After the script was completed, the director recruited 125 painters from 15 countries from all over the world to receive a three-week course training-in order to pursue the perfect Van Gogh style, the crew was authorized by the Van Gogh Museum and used many of Van Gogh's paintings. The original is used as a reference.
In the following four years, oil painters transformed static images into dynamics to adapt to movies. This is how the world's first oil painting film composed of 12 oil paintings per second and a total of more than 65,000 works.
In other words, in "The Beloved Van Gogh", every frame we see is a beautifully bursting "Van Gogh style" oil painting.
For example, Van Gogh's "Horse and the Train in the Distance" (1890), "Anière Bridge over the Seine" (1887), "Railroad Tracks on the Streets of Montemarcu" (1888) and "Starry Night on the Rhone" (1888) and other works, like Van Gogh's pen, came alive, slowly spreading out in front of the audience.
Even more rare is Van Gogh's most famous "Starry Sky", which is also flowing on the screen. The beauty and prosperity of the dreamland are enough to give us a glimpse of the nobility and fiery deep in Van Gogh's soul.
At that moment, we not only saw the moment when Van Gogh was painting, but also deeply felt his inner loneliness and chaos, anxiety and madness, despair and love for life.

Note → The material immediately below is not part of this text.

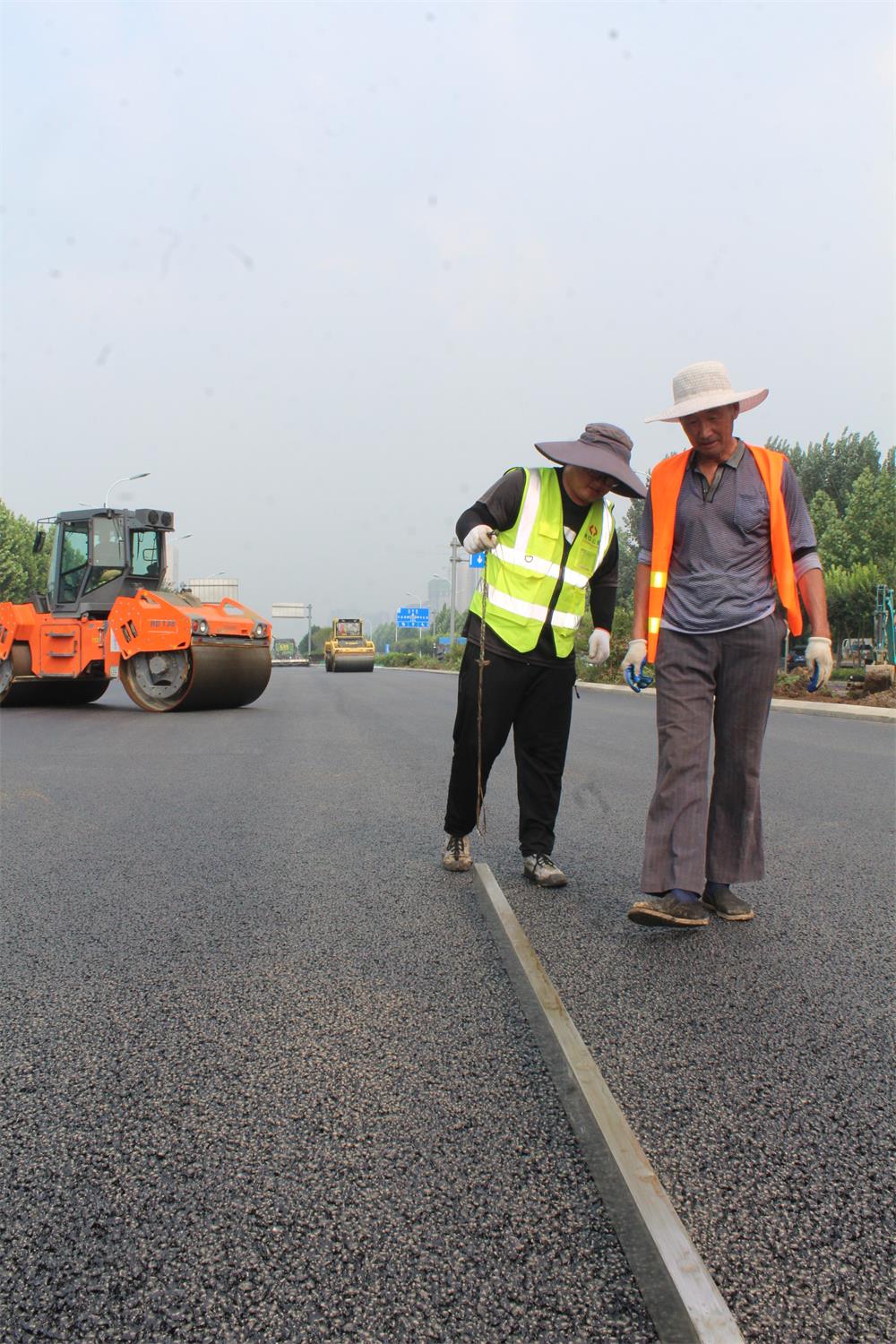 早晨天剛亮他們就已經從駐地出發(fā)了,炙熱的太陽下、火一樣的高溫,160度的瀝青料攤鋪現場,滾燙的瀝青混凝土上,看著一張張堅毅、樂觀的笑臉,一個個身著反光服的小伙子,伸手一摸衣服,竟然早被汗水濕透了,汗水滴到腳下,瞬間就沸騰揮發(fā)沒了,問一句:熱嗎?回答:熱,習慣了。就是簡短的一句,再無需多言!聯通路提升改造工程工期因大型社會活動,被人為縮短,工期時間雖緊質量卻不能放松,小伙子們的回答是:“上一個工程質量優(yōu)秀,這個工程質量必須超越上一個工程”。日復一日,高溫里他們依然在為了心中的目標堅持和堅守。

This is reminiscent of Zhihu's question about "What's so good about Van Gogh's "Starry Sky"", and there was a very touching reply:
There are always lonely souls among all kinds of people in the world, and lonely souls can also resonate strongly, even though we are not people of the same era.
This is another theme of "The Beloved Van Gogh" that allows the audience to understand the "tragic nature of genius": that is, to let every lonely soul feel the passion of Van Gogh's life across the age.
This is the life experience that Van Gogh brings to us through his paintings. If you look closely at Van Gogh's works, you can't actually see decadence and disappointment at all. Instead, they are full of life tension, showing Van Gogh's passion for struggling and struggling in pain.
In other words, this work that pays tribute to Van Gogh in oil painting, Van Gogh's color and form, the focus is no longer to figure out why Van Gogh died. Instead, with brilliant colors and rich brushstrokes, we must cry a sorrow for a genius who has been turned away by the whole world.
It is destined that the color of "Beloved Van Gogh" will be as full of passion as Van Gogh's works, and its content will be like Van Gogh himself, passion is suppressed, emotions are trapped, and mind and body are limited... this view Although the crampedness brought by the movie will shut out a large part of the audience who are used to entertainment movies, it can provide more than ten times the nourishment of other movies.
It gives us the opportunity to walk into the heart of a genius in the way of a movie, and let us know:
Every lonely person has a starry sky in his heart.